DATA RECORDS:
====================

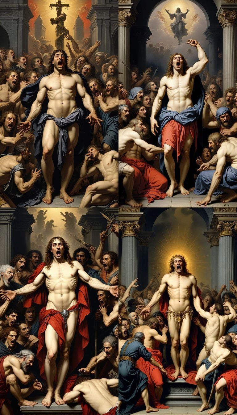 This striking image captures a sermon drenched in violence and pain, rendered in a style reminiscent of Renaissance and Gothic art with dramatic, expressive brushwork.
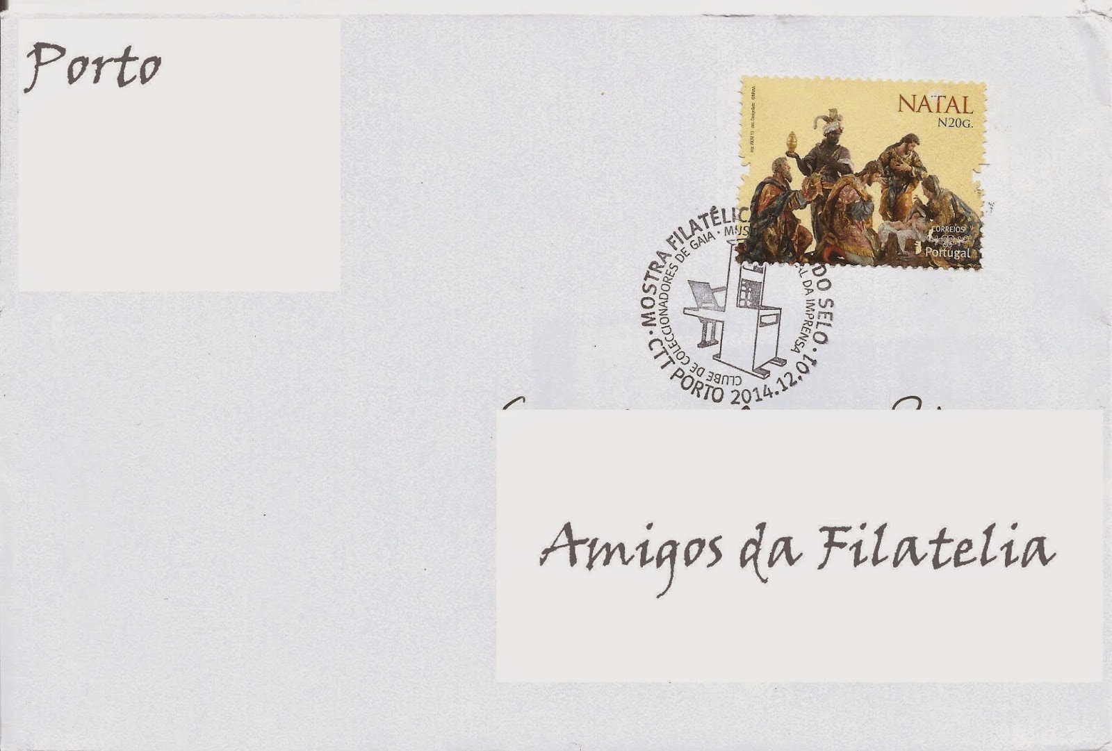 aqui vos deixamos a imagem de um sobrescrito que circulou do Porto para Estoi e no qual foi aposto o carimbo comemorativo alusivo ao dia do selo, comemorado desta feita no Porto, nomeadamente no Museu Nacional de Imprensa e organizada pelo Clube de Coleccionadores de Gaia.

====================

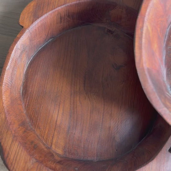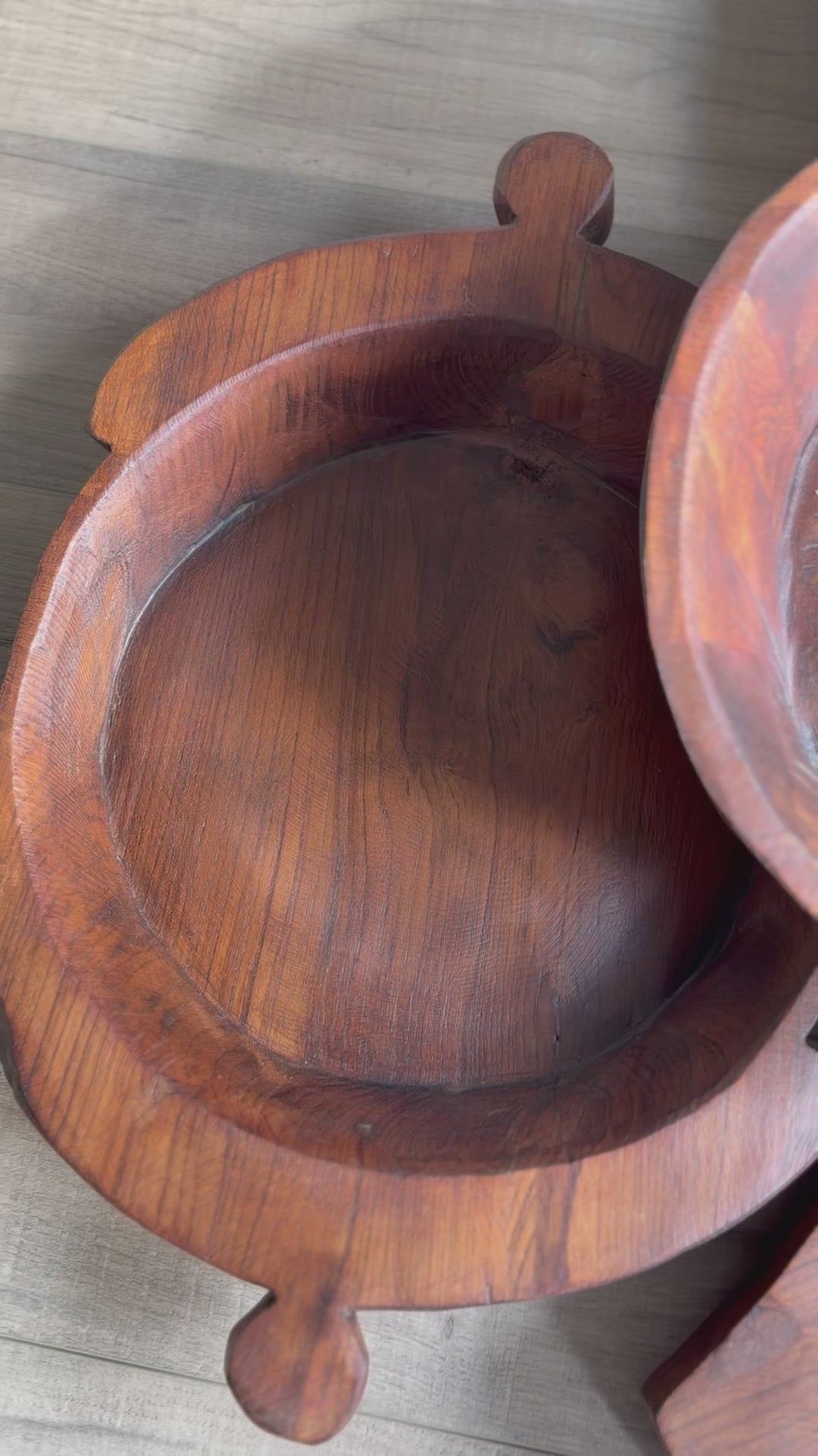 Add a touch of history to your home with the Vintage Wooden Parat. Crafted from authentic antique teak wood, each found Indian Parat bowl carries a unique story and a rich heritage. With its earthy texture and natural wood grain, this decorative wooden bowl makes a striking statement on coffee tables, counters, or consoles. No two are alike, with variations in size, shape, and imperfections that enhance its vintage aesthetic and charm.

====================

Leave the pictures out, and transcribe exactly the lines above starting at the one that contains "This striking image" and ending at the one that contains "aqui vos deixamos".

 This striking image captures a sermon drenched in violence and pain, rendered in a style reminiscent of Renaissance and Gothic art with dramatic, expressive brushwork.
 aqui vos deixamos a imagem de um sobrescrito que circulou do Porto para Estoi e no qual foi aposto o carimbo comemorativo alusivo ao dia do selo, comemorado desta feita no Porto, nomeadamente no Museu Nacional de Imprensa e organizada pelo Clube de Coleccionadores de Gaia.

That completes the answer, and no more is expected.